Coming on the heels of the post-Scream slasher movie renaissance, director Geoffrey Wright’s 2000 effort Cherry Falls had a difficult journey to find an audience. Rejected for an R rating by the MPAA despite several rounds of cuts, the movie was unable to secure theatrical distribution and wound up premiering in an even more truncated form in the States on the USA Network in 2000 (it received a theatrical release overseas). Over the course of the next 15 years, though, the movie developed a well-deserved cult audience who recognized it for being one of the better slashers to come out of that second wave.
Someone is killing teenagers in Cherry Falls, Virginia. Sheriff Brent Marken (Michael Biehn) is desperate to catch the killer and protect his teenage daughter Jody (Brittany Murphy). She’s just broken up with her boyfriend (Gabriel Mann) and is feeling particularly vulnerable—even more so when she and the rest of the town learn that the killer is targeting virgins. The plan, then, is simple: organize an orgy for every virgin in high school and remove the targets from their backs.
The central inversion at the heart of Cherry Falls—instead of killing off promiscuous teenagers as horror fans have seen in countless other slashers, this time around the only way to stay alive is to have sex—is clever enough to carry the movie over some of its rough spots. There are only one or two characters worth liking or caring about, none more so than Brittany Murphy, a truly unique screen presence who tragically died far too young, before we ever got to see her best work. Casting Murphy as the heroine of a slasher like this is an inspired choice, as she has an edgy weirdness that gives the movie its own energy—she’s not like most final girls, and her performance is just one more way the film upends slasher conventions.
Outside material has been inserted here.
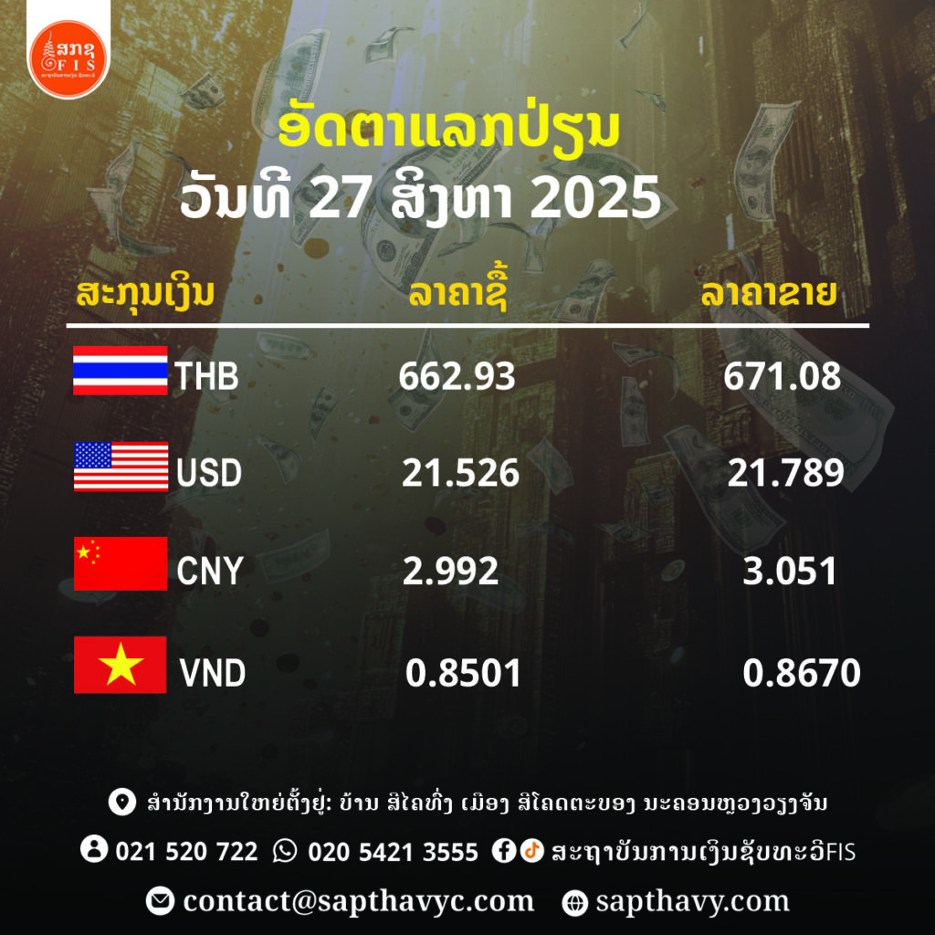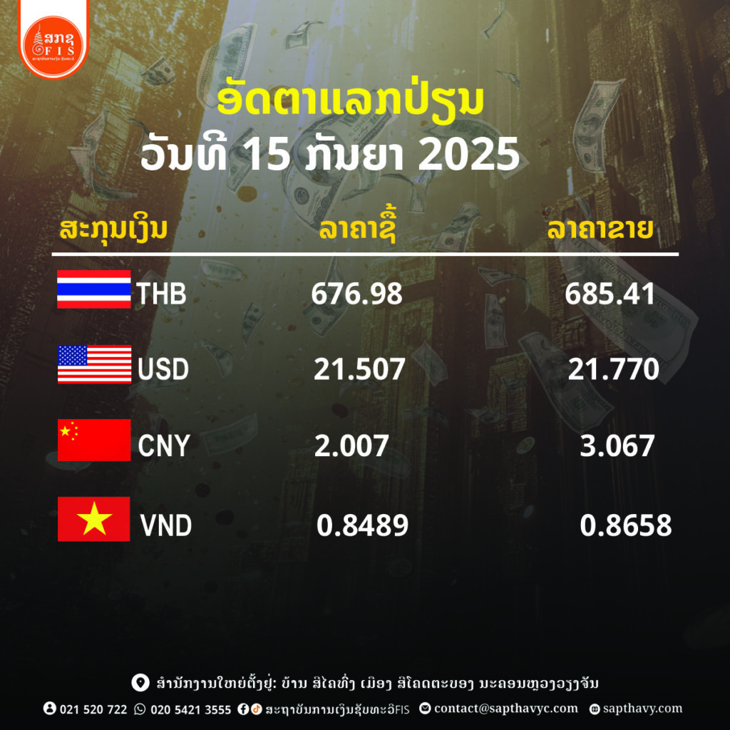 ແຈ້ງປັບລາຄານໍ້າມັນເຊື້ອໄຟທຸກປະເພດ​ ​ເລີ່ມ​ 6:00​ ໂມງເຊົ້າ ຂອງວັນທີ​ 18 ກັນຍາ​ 2025 ນີ້ ! ກົມການຄ້າພາຍໃນ ກະຊວງ ອຸດສະຫະກຳ​ ແລະ ການຄ້າ​ ໄດ້ອອກແຈ້ງການເລກທີ 1313/ກຄພນ, ລົງວັນທີ 17 ກັນຍາ […]

Beyond her and the always excellent Michael Biehn (plus Jay Mohr in a memorable role as a high school teacher), most of the characters in Cherry Falls are of the obnoxious, frosted-tips late ’90s school of writing teenagers; their dialogue is meant to be witty in a way that apes what Kevin Williamson was doing at the time, but mostly comes off as flat and bratty. It’s the kind of stuff that dates the movie.
For as great as the central conceit is, the screenplay by Ken Selden doesn’t explore it with as much depth as one might like—at least, not in this heavily compromised version. The orgy gives the film its marketing hook and sets the stage for a climactic set piece, but ends up informing very little of what actually happens in the movie, which is in many ways a somewhat standard high school slasher. The characters are thin, the kills uninspired, the tension and scares lacking overall. It’s the flashes of personality that peek through— whether it’s Brittany Murphy’s performance, Wright’s twisted direction, or a pretty outrageous finale—that distinguish Cherry Falls from the I Know What You Did Last Summers and Valentines of the period.
It’s hard to tell what the original Cherry Falls might have been like, as Wright reportedly included a whole lot of nasty graphic violence and more explicit sexuality in his first cut of the movie. It’s unfortunate that we never got to see that version of the film—and likely never will—as it sounds like the movie Cherry Falls needed to be in order to realize its full potential. Rather than being self-referential in the way that, say, Scream had been just a few years earlier, Cherry Falls attempts to comment on the slasher genre by pushing many of its conventions to extreme places, not just implying a link between sex and violence but making the connection textual and deliberate. It works enough for the film to stand out as being quirky, nasty fun, but there is promise of something much greater.
The biggest disappointment around Scream Factory’s new Blu-ray of Cherry Falls is that they were unable to secure the uncut version of the movie (which hasn’t appeared on home video in the US and is hard to come by; it’s possible that the original elements no longer exist), meaning this is the same R-rated cut fans have seen on the long out of print DVD. The 1080p transfer is decent, looking like an old HD master from the early days of the format. Dark scenes (of which there are many) rarely succumb to any crush issues and colors appear natural throughout. Director Wright has recorded a new commentary track for the disc on which he discusses some of the challenges in making the movie (many of them brought on by himself) and describes some of his original plans for the uncut version.
Writer Ken Selden, producers Eli Selden and Marshall Persinger, and co-star Amanda Anka have all assembled for “Love it or Die”, a nearly 30-minute retrospective featurette in which a number of the movie’s participants discuss the production and offer a number of interesting facts (like the script being offered first to David Lynch, or how its ultimate fate made it the most expensive TV movie ever made at $14 million). Also included are some archival interviews with Murphy, Biehn, Mohr, and Wright, as well as a longer and newly recorded interview with Anka. Some behind-the-scenes footage, the trailer, and a BD-ROM copy of the original script round out the bonus features.
With the number of issues I’ve raised with the movie, it probably sounds like I don’t really like Cherry Falls, which isn’t the case. It’s a fun and witty little slasher from a time when the genre was producing a lot of them, but not many that were fun or witty. It’s a shame we won’t see what could have been. In the meantime, we can be happy with what we have.